Бедный, милый Паульхен!.. А впрочем, может быть, и не бедный: умер в сознании, что участвует в крестовом доходе, если только последнее время не закрались у него сомнения. Да, это должен бы быть крестовый поход и он мог им быть, но им он, увы, не был! Был просто всепожирающий бессмысленный тевтонский поход!.. Он мог возвратить миру Россию и тем самым оправдал бы себя, ибо мир не мог жить без России, а вместо того он сеял бурю и хаос; это вели слепых их слепые вожди. А Паульхен был Дон Кихот и ребенок и, как ребенок, умер с именем матери на устах. Благодарная смерть! «Иже еси на небесах» — были его последние слова. Как верный сын, он возвращался к Отцу!.. Такие, как Паульхен, теперь гибли в первую очередь, а с ними рушилось навеки то, что еще держало мир и жизнь — давний очаг и отчий дом; мир становился площадью, общежитием, в лучшем случае отелем с меблированными комнатами. С какой любовью и нежностью он рассказывал о своем Кинзее, о матери, о брате, о всей жизни их! Корнет даже завидовал ему невольно, всегда радуясь, впрочем, что сохранились хоть где-нибудь такие места, полные любви и мира, где можно еще было видеть настоящую жизнь. После войны Паульхен приглашал его к себе надолго в гости. Всё пошло прахом — бедная мать!.. Он припомнил ее породистое, тонкое лицо, исполненное света и грусти, на фотографии, всегда висевшей у изголовья кровати Рамсдорфа. Письмо это надо было сохранить, спасти во что бы то ни стало, как и все бумаги, что он вынул из его кармана. Вот она была, эта фотография матери. Паульхен сам ее снимал, и глаза, направленные теперь на корнета, лучили столько любви, ласки, добра, что у него обмерло сердце. Да будет ему легка земля! Подберезкин перекрестился. Может быть, однако, смерть была на самом деле единственным спасением для таких, как Паульхен, ибо новая земля становилась уделом иных людей и трудно ему было бы ходить по новым путям. И сам корнет не раз смотрел с надеждой в лицо смерти, точно она сулила какое-то разрешение всему — и его личной судьбе и судьбе России, а теперь в особенности: продолжать жить без надежды на Россию казалось бессмысленно.

вернуться

1

[1] «Моя милая Мама, — писал Паульхен, — мы на фронте в России и мы не знаем, какая судьба уготована нам Богом. Поэтому, может быть, следует написать тебе письмо, которое ты получишь, если меня уже не будет. Я молюсь Богу, чтобы он нас, Карла Вернера и меня, возвратил живыми назад, не ради нас самих, но прежде всего ради тебя, а Карла и ради детей, Елизаветы и Кинзее. Я не цепляюсь за жизнь, поэтому мне может быть легче думать о смерти. Бог в его великом милосердии сжалится и над моей душой. Если бы я хотел остаться в живых, то лишь, чтобы уберечь тебя от боли, чтобы тебя дальше благодарить за все, чем ты мне так украсила жизнь. И в этом письме я хочу сказать не только: прощай, но и выразить мою бесконечную благодарность. Было бы хорошо, если бы ты в первое воскресенье, когда получишь это письмо, заказала в церкви твой любимый хорал о буре на море, о том, что после штурма успокоятся волны и придет опять к нам Творец и Спаситель.
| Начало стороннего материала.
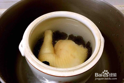 6. 炖盅盖盖子,放进加水的锅里,开始炖煮。
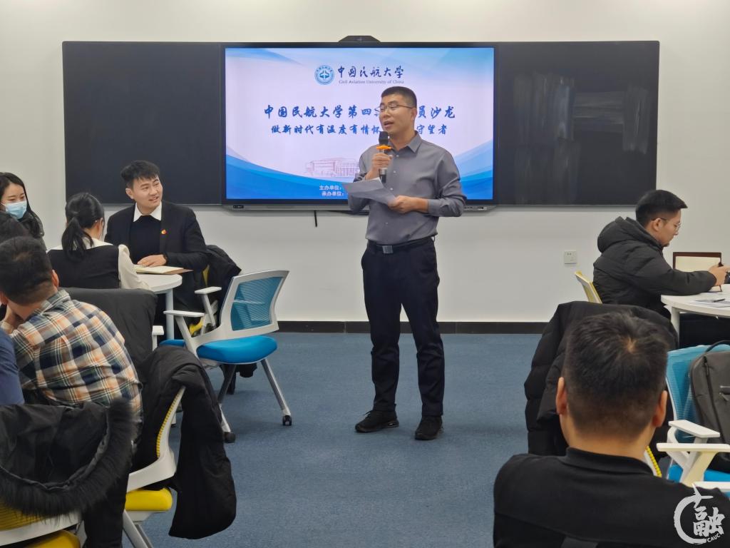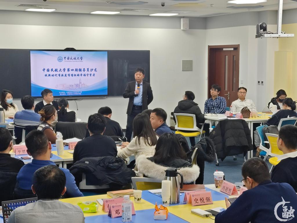 本网讯 日前,中国民航大学第四期辅导员沙龙在东丽校区亲民楼智慧教室举办。本期沙龙以“做新时代有温度有情怀的幸福守望者”为题,由党委学工部主办、乘务学院承办,交通科学与工程学院、空中交通管理学院、航空工程学院相关负责人围绕辅导员职业情怀畅谈工作思考。

Если Богу будет угодно определить мне смерть, то прошу Его только об одном, чтобы Он, будет ли смерть короткая и безболезненная или долгая и мучительная, чтобы Он дал мне умереть честной смертью. Для меня эта война является крестовым походом — и это ведь не плохая смерть пасть в крестовом походе. Я казался бы себе самому жалким, если бы сидел сейчас дома в безопасности. — «Кто свою жизнь превыше всего любит, тот ее потеряет, тот же, кто свою жизнь отдает ради меня, тот вечно будет жить, хотя бы он тут же умер». Так ведь, кажется, написано. И еще одно: если я должен уйти, то это ведь не больше чем путь через темную столовую в детскую. Мы не окажемся далеко друг от друга. Между нами будет лишь одна темная комната, через которую ты всегда, раньше или позднее, ко мне приходила, когда я лежал в постели. А теперь — храни тебя Бог! И еще тысячу, тысячу раз благодарю за все чудные годы! Я ими без конца наслаждался. До свиданья! Тебя целует тысячу раз твой Паульхен».